Compute the Euclidean distance between two matrices using numpy.
Pure numpy implementation
Arguments:
Q -- A matrix of shape (M, D)
X -- A matrix of shape (N, D)
Returns: A matrix of shape (M, N) where each element (i, j) is the Euclidean distance between Q[i] and X[j]
"""
distances = np.linalg.norm(Q[:, None] - X, axis=2)
return distances
Vector intrinsics in C
When running on MACOS: The SSE intrinsics are not available on macOS, so we need to use the
sse2neon.h
header file to emulate the SSE intrinsics using NEON intrinsics.
Below we can see the optimized C implementation using SIMD intrinsics:
- Setting the sum vector to zero.
- Loading 4 elements at a time from Q and X.
- Subtracting the elements.
- Squaring the differences.
- Reducing the 4 floats to 1.
- Handling the remaining elements.
// SSE intrinsics
// 4 for SSE, 8 for AVX
#ifdef __x86_64__
#include <immintrin.h>
#else
#include "sse2neon.h"
#endif
// SIMD-optimized Euclidean distance function
void euclidean_distance(float* Q, float* X, float* distances, int M, int N, int D) {
for (int i = 0; i < M; i++) {
for (int j = 0; j < N; j++) {
__m128 sum_vec = _mm_setzero_ps(); // Initialize SIMD sum register to 0
int k;
int block_size = 4;
for (k = 0; k <= D - block_size; k += block_size) { // Process 4 elements at a time
__m128 q_vec = _mm_loadu_ps(&Q[i * D + k]);
__m128 x_vec = _mm_loadu_ps(&X[j * D + k]);
__m128 diff = _mm_sub_ps(q_vec, x_vec);
__m128 squared = _mm_mul_ps(diff, diff);
sum_vec = _mm_add_ps(sum_vec, squared);
}
// Horizontal sum of sum_vec (reduces 4 floats to 1)
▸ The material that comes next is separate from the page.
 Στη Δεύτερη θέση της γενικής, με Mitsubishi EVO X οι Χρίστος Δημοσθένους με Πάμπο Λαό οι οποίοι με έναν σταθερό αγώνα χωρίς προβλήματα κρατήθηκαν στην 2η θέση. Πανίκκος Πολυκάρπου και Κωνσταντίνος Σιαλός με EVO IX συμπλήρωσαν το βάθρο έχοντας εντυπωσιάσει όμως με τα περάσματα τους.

__m128 temp = _mm_add_ps(sum_vec, _mm_movehl_ps(sum_vec, sum_vec));
temp = _mm_add_ss(temp, _mm_shuffle_ps(temp, temp, 1));
float sum = _mm_cvtss_f32(temp); // Extract final sum
// Handle remaining elements (if D is not a multiple of 4)
for (; k < D; k++) {
float diff = Q[i * D + k] - X[j * D + k];
sum += diff * diff;
}
// Store result in distance matrix
_mm_store_ss(&distances[i * N + j], _mm_sqrt_ps(temp));
}
}
}
Note the differences in the generated instructions for the inner loop:
0000000000003f34 dup.2d v1, v0[1]
0000000000003f38 fadd.4s v0, v0, v1
0000000000003f3c dup.4s v1, v0[1]
0000000000003f40 movi.2d v2, #0000000000000000 // Set v2 to 0 -> _mm_setzero_ps()
0000000000003f44 mov.s v2[0], v1[0]
0000000000003f48 fadd.4s v0, v0, v2
0000000000003f4c add x17, x14, x15
0000000000003f50 fsqrt.4s v0, v0 // Square root of the sum
0000000000003f54 str s0, [x2, x17, lsl #2]
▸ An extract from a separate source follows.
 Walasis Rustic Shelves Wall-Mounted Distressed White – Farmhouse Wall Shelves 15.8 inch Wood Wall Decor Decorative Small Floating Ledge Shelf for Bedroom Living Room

0000000000003f58 add x14, x14, #0x1
0000000000003f5c add x16, x16, x12
0000000000003f60 cmp x14, x13
0000000000003f64 b.eq 0x3f0c
0000000000003f68 movi.2d v0, #0000000000000000
0000000000003f6c cmp w5, #0x4
0000000000003f70 b.lt 0x3f34 // Loop back
0000000000003f74 mov x17, #0x0
0000000000003f78 mov x3, x0
0000000000003f7c mov x6, x16
0000000000003f80 ldr q1, [x3], #0x10
0000000000003f84 ldr q2, [x6], #0x10
0000000000003f88 fsub.4s v1, v1, v2 // Subtract the elements -> _mm_sub_ps()
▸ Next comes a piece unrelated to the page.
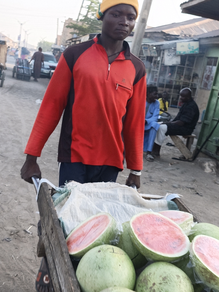 A young man with dark skin, wearing a red and dark brown long-sleeved shirt, dark pants, and a yellow beanie with green accents, is positioned centrally in a street scene in Gawuna, Nigeria. He looks directly at the camera while pushing a wooden two-wheeled cart filled with watermelons. Several watermelons are whole, while others are cut in half, exposing red flesh, and appear to be covered with clear plastic film. His left hand grips the cart's handle; a white beaded bracelet is visible on his left wrist. The immediate ground is dirt. In the mid-ground to the left, another individual in a brown robe is seen pushing a cart, possibly loaded with bottled water, down the dirt road. A light-colored sedan is parked behind this individual. Utility poles and overhead lines are visible. To the right, a group of three males is seated on a wooden bench or similar makeshift seating outside what appears to be a small shop or stall with various goods visible. One man wears a light blue robe, another a yellow shirt, and a third a dark shirt. A green metal gate or door is partially visible on the far right. The background features simple structures, some with corrugated metal roofs, indicative of commercial activity or residences in a bustling urban environment.

0000000000003f8c fmul.4s v1, v1, v1 // Square the differences -> _mm_mul_ps()
0000000000003f90 fadd.4s v0, v0, v1 // Add the squared differences -> _mm_add_ps()
0000000000003f94 add x17, x17, #0x4
0000000000003f98 cmp x17, x9
0000000000003f9c b.le 0x3f80
0000000000003fa0 b 0x3f34
Conclusions
Optimizing performance in Python requires an understanding of how the CPU processes instructions and accesses memory. While Python’s high-level nature makes it easy to use, it also introduces inefficiencies that can slow down execution. By applying techniques such as cache-friendly memory access, instruction-level parallelism, and SIMD vectorization, we can significantly improve performance.
In this post, we demonstrated how to optimize Euclidean distance calculations using:
Efficient memory access patterns to reduce cache misses.
- Blocking techniques to improve cache locality.
- Loop unrolling to increase instruction-level parallelism.
- SIMD instructions to execute multiple operations in parallel.
For high-performance applications, leveraging tools like NumPy, Numba, and C extensions can further accelerate computations. By being mindful of CPU architecture and optimizing at the hardware level, we can push Python’s performance closer to that of lower-level languages like C.
With the right optimizations, Python can be an excellent choice for computationally intensive tasks while maintaining its readability and ease of use.